You'll do best by picking stocks that increase their payouts while you own them. When that happens, your dividend yield increases and the dividend increase often drives the share price higher. Conversely, a dividend cut hurts you two ways: Your yield drops, and the dividend cut usually pressures the share price.
Here's a screen for finding high-dividend candidates with good prospects for increasing their payouts. I'll start by pinpointing high-dividend payers.
Getting investors' attention
To qualify, the dividend yield must be significant enough to provide downside protection in a weak market. The definition of significant, of course, is in the eye of the beholder. However, I've found that, depending on the type of company, yields above 4% or so get investors' attention. So, I set my minimum acceptable yield at 4.25%. Since I picked the figure arbitrarily, adjust it up or down to suit your needs.Screening parameter: Current Dividend Yield >= 4.25
Validate the yields
Sometimes, when you screen based on dividends, you'll find stocks listed with erroneously high yields based on one-time payouts, dividends that have been discontinued, or other database errors.The screener's "latest dividend rate" parameter checks the expected next 12 months' dividends based on the most recent declared payout. For instance, the rate would be $1 if a company's last payout was 25 cents and it pays quarterly.

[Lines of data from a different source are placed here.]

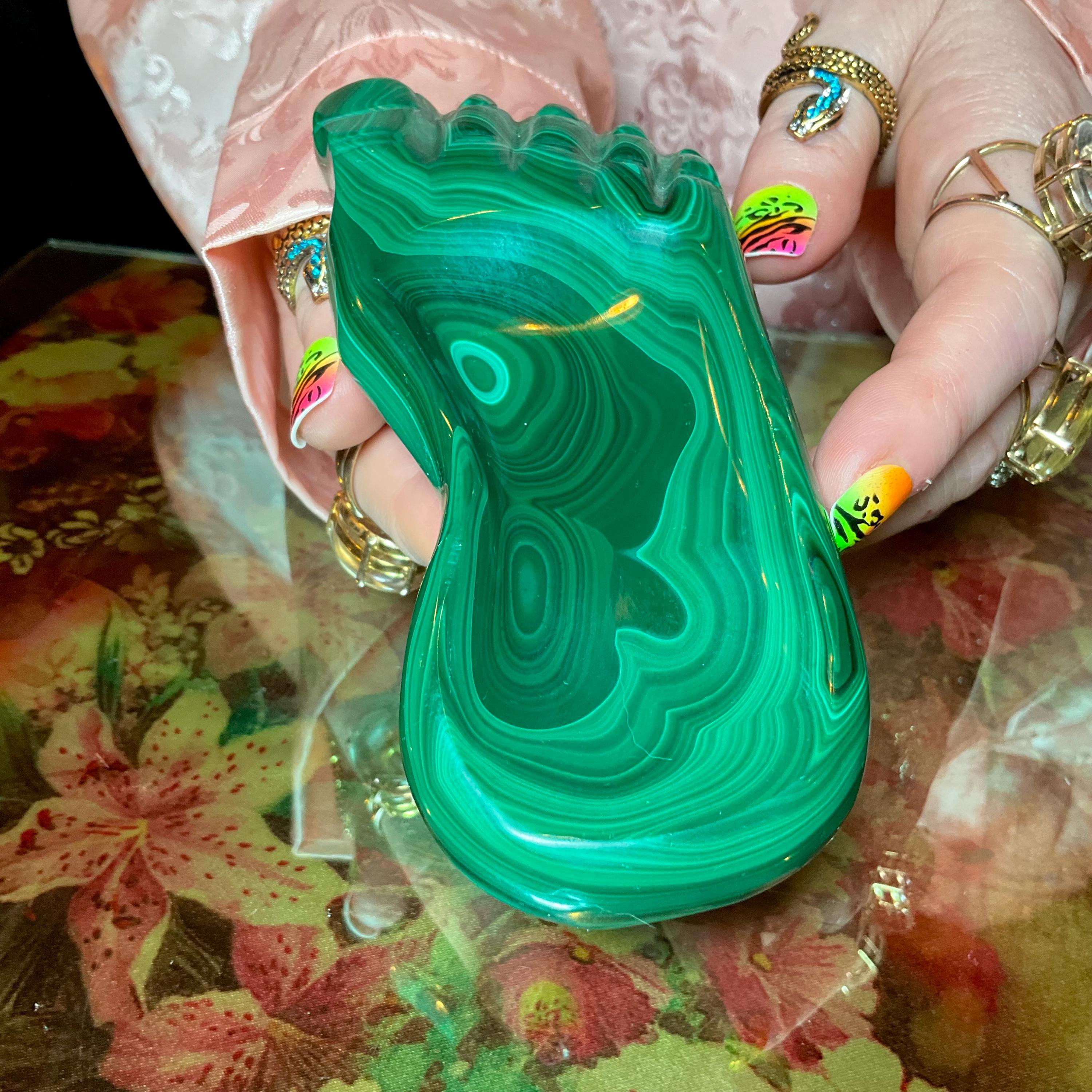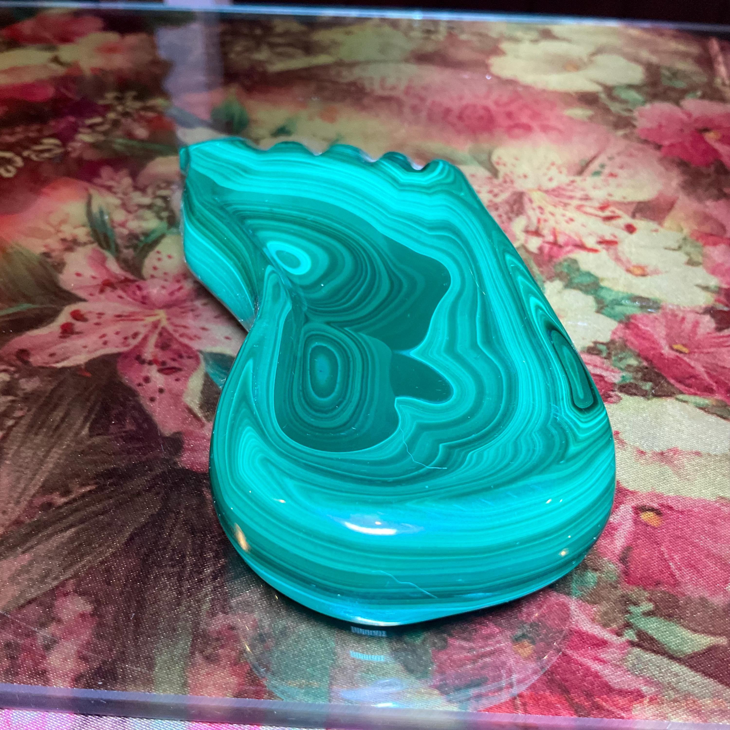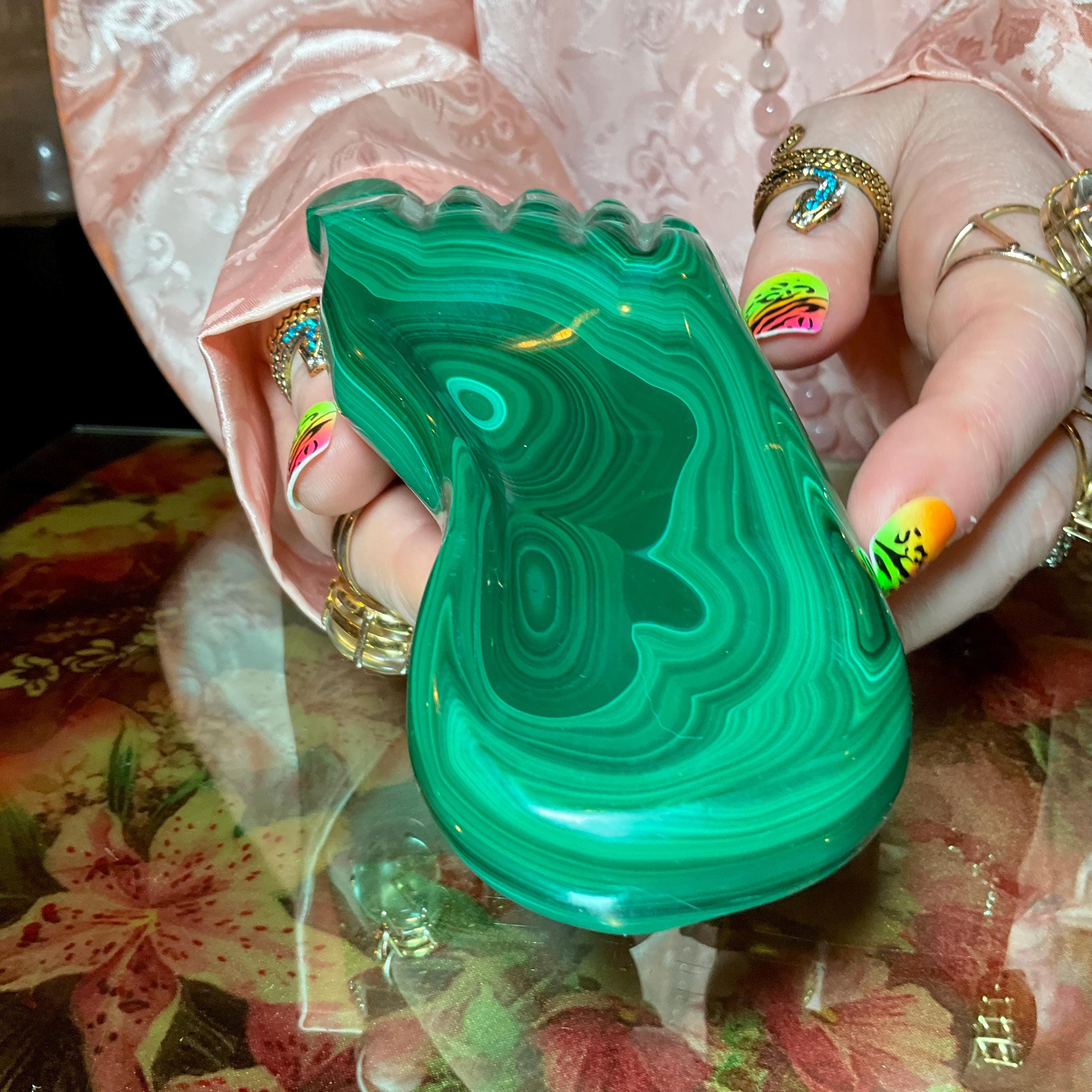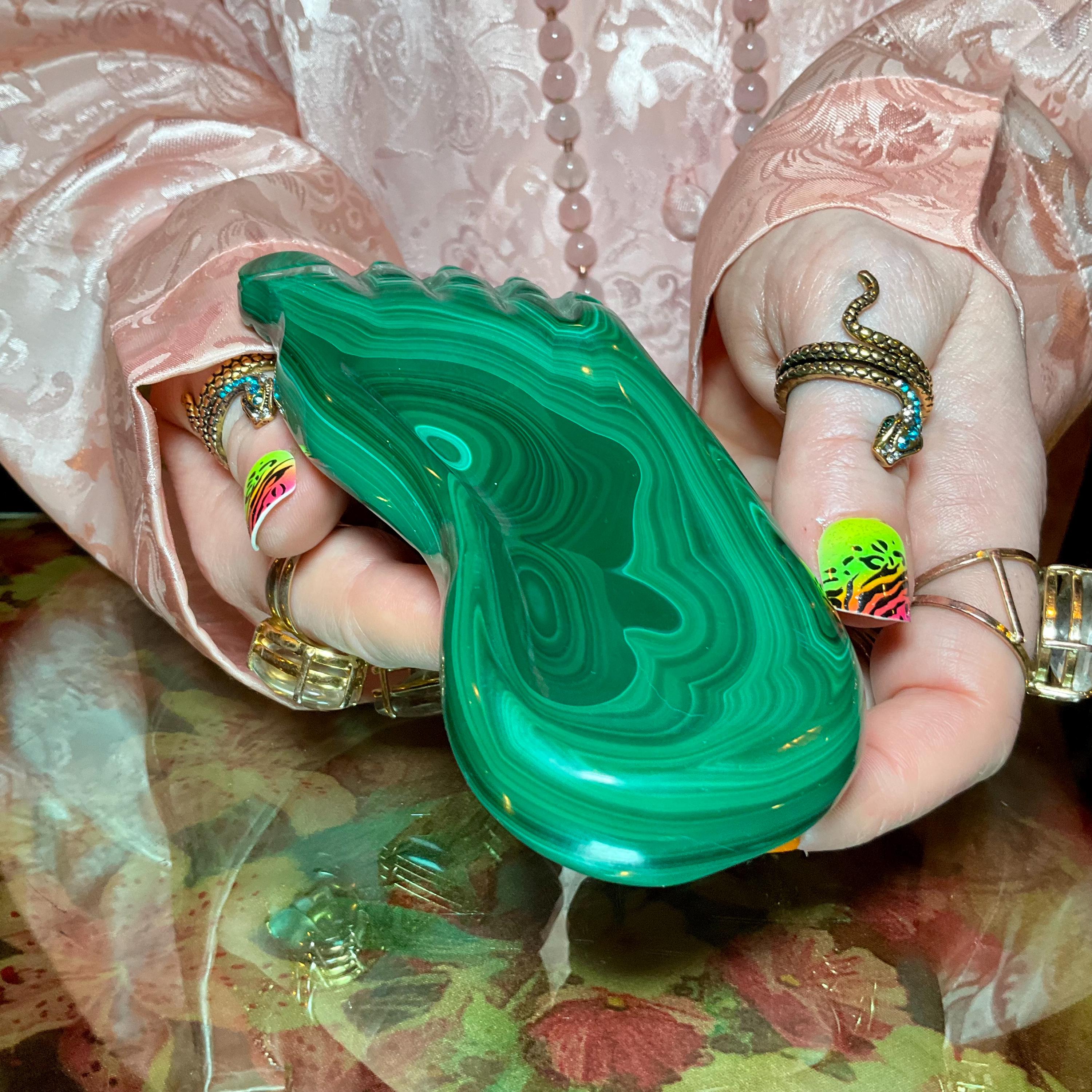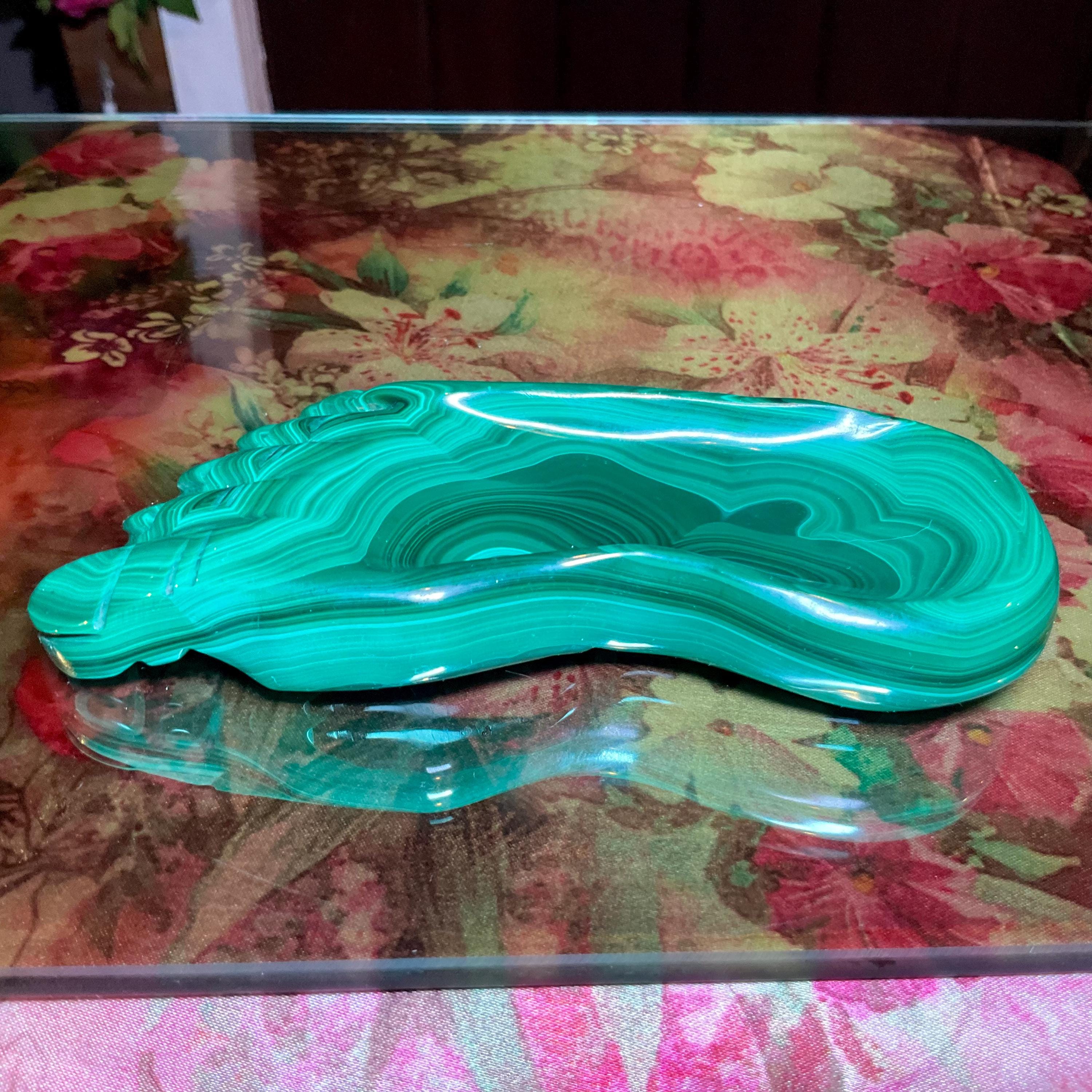 This gorgeous malachite free form stone dish is perfection the vibrant deep green colors swirling into beautiful patterns, is unique only to this mineral making it truly a remarkable piece for your collection.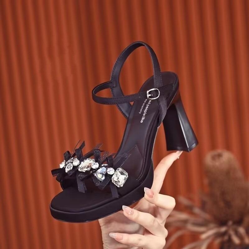 Сандалии на ремешке женские летние новые с квадратным носком открытым носком стразы с юбкой на платформе нескользящие на квадратном каблуке на высоком каблуке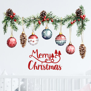 MS-XA185のクリスマスの装飾の松の枝の松の実の色のボールの緑は客間の書斎の壁面の家庭の装飾の壁のステッカーを植えます。

By trial and error, I've found that you can reduce the number of false hits by requiring a positive value for "latest dividend rate."
Screening parameter: Latest Dividend Rate >= 0.25
Keep risk at bay
Minimizing risk is essential ingredient for successful dividend investing. Fortunately, doing that isn't rocket science.For instance, a stock's trading price tells you a lot about how other investors view its fundamental outlook. Cheap stocks get that way because most players see problems ahead. So you can reduce your risk by avoiding such stocks. What's too cheap? Many institutional investors avoid stocks trading below $15 and I used that for my minimum. Try reducing the cutoff down to $10 if you don't mind the extra risk and want to see more stocks.
Screening parameter: Last Price >= 15
Check fundamentals with StockScouter
MSN's StockScouter evaluates stocks based on factors such as valuation, insider ownership and much more. Its fundamental grade ranks a stock from A to F based on a variety of considerations involving analysts' earnings forecasts. For instance, stocks where analysts have recently increased earnings-growth forecasts rank higher than those with downtrending forecasts.While high-dividend payers aren't usually fast earnings growers, a low fundamental grade means that analysts see deteriorating growth, which could translate to dividend cuts down the road.
I require a minimum C grade, which should be enough to weed out stocks with weakening fundamentals.
Screening parameter: Fundamental Grade >= C
Bigger is better
When the market turns down, investors typically dump their smaller stocks in favor of large companies, an action often described as a "flight to quality." Thus, to minimize risk, it pays to avoid very small stocks.Market capitalization, which is how much you'd have to pay to buy all of a company's shares, is the most widely used size gauge. I required a minimum $1 billion market cap, which rules out small caps, the riskiest category. Consider raising that limit to $5 billion or so if you want to further reduce your risk.